To: elmatador who wrote (832)3/16/2012 4:44:54 AM
From: elmatador  Respond to of 2508
 
Brazil rates: doves dressed as hawks and how they do not know to translate Brazil.

Brazil rates: doves dressed as hawks

March 15, 2012 11:23 pm by Samantha Pearson

Ask football players on opposing teams to explain the final score of the match they have just played and they will surely give different explanations for the same result.

It is worth bearing in mind this logic when reading Brazil’s latest and somewhat confusing central bank minutes.

Last week policymakers unexpectedly decided to cut the benchmark interest rate 75 basis points to 9.75 per cent, by five votes against two.

However, the meeting’s minutes released early on Thursday seem less dovish than the decision itself, giving little explanation of why the central bank suddenly decided to speed up the easing cycle.

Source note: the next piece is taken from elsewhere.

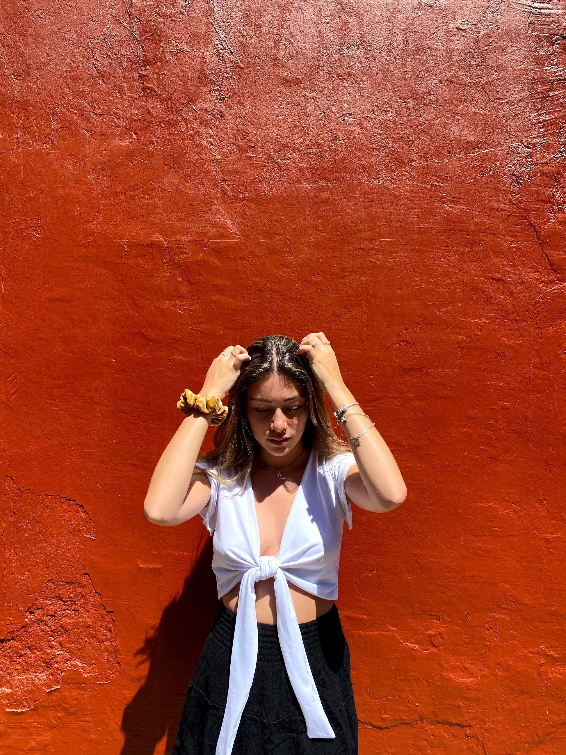 Top confeccionado en doble lycra fría por ambos lados con amarras, tela elásticada. ¡Puedes usarlo como más te guste!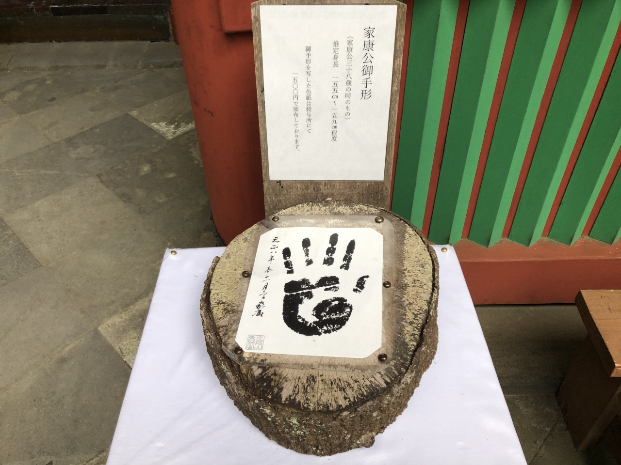 徳川家康公をお祀りする久能山東照宮。その家康公の手形(もちろん複製ですが)が楼門の下に置かれています。けっこう無造作に置い...  続きを読むてありますよ。説明書には「家康公38才時のもの」「家康公の推定身長は155cm~159㎝程度」「手形を写した色紙が1500円」ということが書かれていました。手を触れてはいけないと書いてなかったけど、コロナ時世ゆえ直接触れずにサイズ合わせだけしました。家康公は意外と小さい手だったようです。  閉じる

In a preparatory note to clients, BNP Paribas provides a possible explanation for this discrepancy:

One warning on the policy minutes: they may well be prepared chiefly by one of the two dissenting board members who voted for keeping the 50bp cutting pace. If so, then any relatively hawkish tone should be taken with a grain of salt, as the board overall has proven more dovish than its dissenting minority.

In other words, the author of the minutes gives little justification for a 75 basis point cut because he believes quite frankly there shouldn’t have been one.

However, other analysts provide a different explanation for the inconsistency between the minutes and last week’s decision.

Brazil has been desperately trying to bring down its high interest rate to reduce the flow of hot money into its bond market, thereby easing pressure on its overvalued currency.

The reason this justification was not spelled out in the minutes is because, technically, Brazil’s central bank should only care about inflation.

This from Tony Volpon at Nomura:

In our opinion these minutes are missing a franker discussion of the possible impact of the current “monetary tsunami” of liquidity on the Brazilian economy…The Copom (central bank committee) seems unwilling to abandon its outdated inflation-targeting framework in its communication, although this framework has had little influence on its decisions this cycle.

No wonder then that Brazil’s currency market was in turmoil on Thursday as traders tried to figure out just which side of the story to believe.